Technology has made manufacturing more efficient and employees more productive. Although the volume and number of goods manufactured have increased, the number of workers required has declined.

Measuring Manufacturing in the Economy

Economists and government statisticians use various ratios when evaluating the role manufacturing plays in the economy. For example, manufacturing value added (MVA) is an indicator that compares an economy's manufacturing output to its overall size. This metric is expressed as a percentage of gross domestic product (GDP).

The Institute for Supply Management (ISM) surveys manufacturing firms to estimate employment, inventories, and new orders. The ISM publishes the ISM Manufacturing Report each month to summarize its findings. Financial analysts and researchers eagerly await this report as they see it as a potential early indicator of the economy's health as well as a sign of where the stock market may be going.

Example of Manufacturing

Look around you and you'll find many examples of goods that have been manufactured. Clothing is just one example. Manufacturing clothing involves a number of steps and processes to go from raw materials to finished goods. The industry uses natural raw (cotton, silks, etc.) and synthetic materials (like rayon and polyester) to manufacture clothing. Companies may need both human labor and machinery to produce their goods through cutting, sewing, and other finishing techniques before they are sold to the public.

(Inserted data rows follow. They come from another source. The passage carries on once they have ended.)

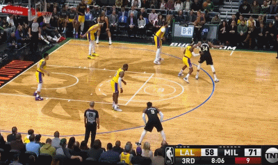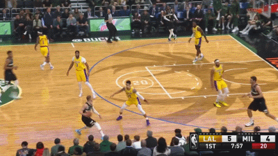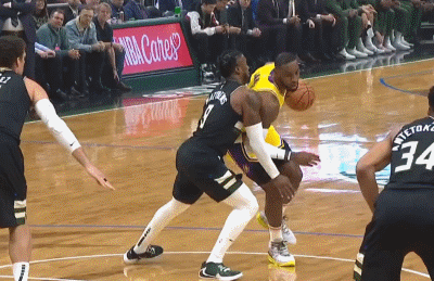 比如下面這個防守,先由字母守住了湖人第一次擋拆,再由字母守住詹姆斯的突破,然後迪文欽佐和字母將詹姆斯逼到底角,老詹傳出球以後,迪文欽佐回到側翼封堵隆多,並將他“護送”至大洛佩斯手裏——
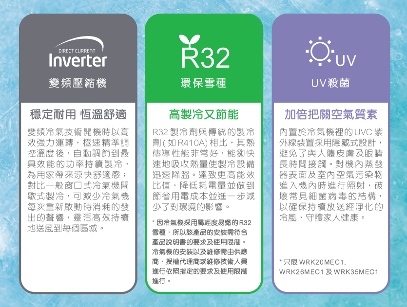 WRK35MEC1 1.5匹變頻窗口式冷氣機
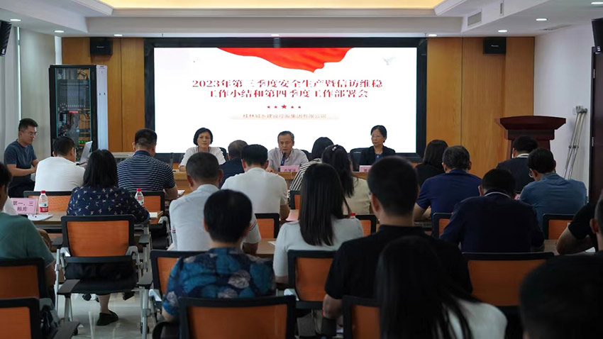 2023年10月26日,城建集團(tuán)黨委副書記、副董事長、總裁肖笛波主持召開2023年第三季度安全生產(chǎn)暨信訪維穩(wěn)工作小結(jié)和第四季度工作部署會,城建集團(tuán)各部室、下屬子公司主要負(fù)責(zé)人參加會議。新城投集團(tuán)黨委副書記、副董事長、總經(jīng)理朱毅對公司近期安全生產(chǎn)工作情況進(jìn)行匯報(bào)。會上,肖笛波對新城投集團(tuán)將黨建嵌入到安全生產(chǎn)管理工作的創(chuàng)新做法,以及對桂林新國際會展中心順利舉辦一系列大型活動(dòng)的安全保障工作予以充分肯定,要求新城投集團(tuán)進(jìn)一步落實(shí)檢查和考核職責(zé),及時(shí)發(fā)現(xiàn)并解決各類安全隱患。
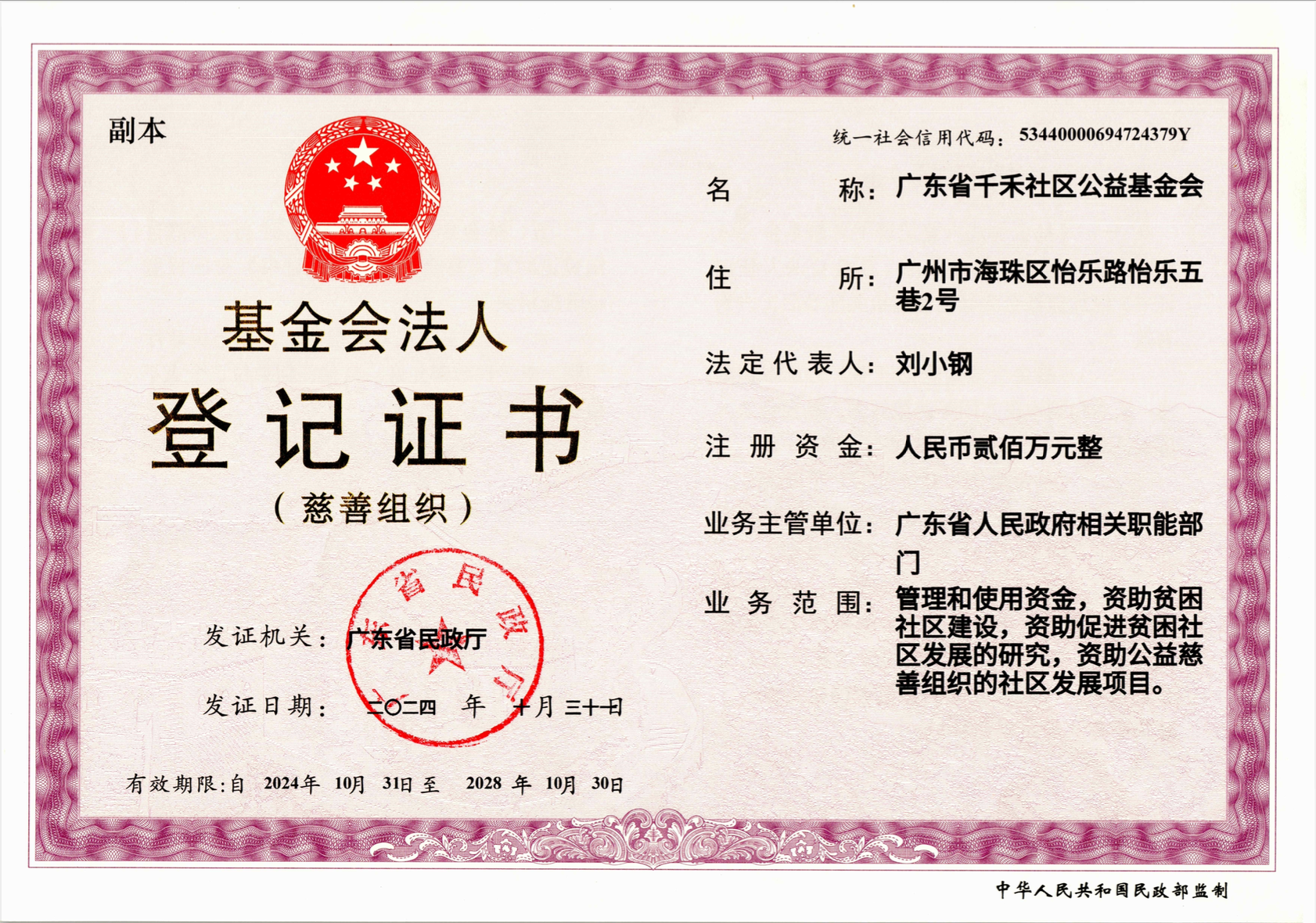 2009年,一群怀抱公益理想的企业家学者携手成立了中国第一家以“社区”命名的基金会——千禾社区基金会(简称“千禾”)。千禾是首批获得广东省民政厅认定的慈善组织之一,并于2017年获得广东省民政厅颁发的5A级基金会荣誉。

What Is Lean Manufacturing?

Lean manufacturing is a form production that can be used by manufacturers that want to reduce production system time in order to increase their efficiency. Implementing a lean manufacturing approach means that a company wants to boost productivity while eliminating as much waste as possible. This could mean cutting back on operating costs and lead times.

How Do You Calculate Manufacturing Overhead?

Manufacturing overhead is the total indirect cost associated with manufacturing. This includes any expenses like employee wages, asset depreciation, rent, leases, and utilities. Costs like materials are not included.
In order to calculate your manufacturing overhead, take your monthly overhead expenses and divide that total by your monthly sales. You can multiply the result by 100 to get the total percent of monthly overhead.

What Is Additive Manufacturing?

Additive manufacturing is another way of saying 3D printing. It involves the use of layers that are built up upon each other to create shapes and patterns in a three-dimensional process.

What Is Advanced Manufacturing?

Advanced manufacturing is a process that involves new technology to improve the way products can be made. This manufacturing process allows companies to add increased value to the raw materials that are used and to better serve their target markets. Newer technologies also help bring new products to market faster while increasing output.

What Is Contract Manufacturing?

Contract manufacturing occurs when one company hires another firm, usually a third party, to execute certain portions of their manufacturing process. For instance, an automotive company may hire another company to produce parts that it will use to manufacture cars.

The Bottom Line

Humans have traditionally turned raw materials into finished goods for as long as we can remember. This process, which converts raw materials into finished goods, is called manufacturing. Businesses can still use human labor to convert these materials by hand. But they now also have the option to purchase machinery to mass-produce goods on a much larger scale. Technology has helped the way we manufacture our goods and continues to evolve. The advent of 3D printing is making it easier for individuals to produce finished goods themselves, without ever leaving their own homes.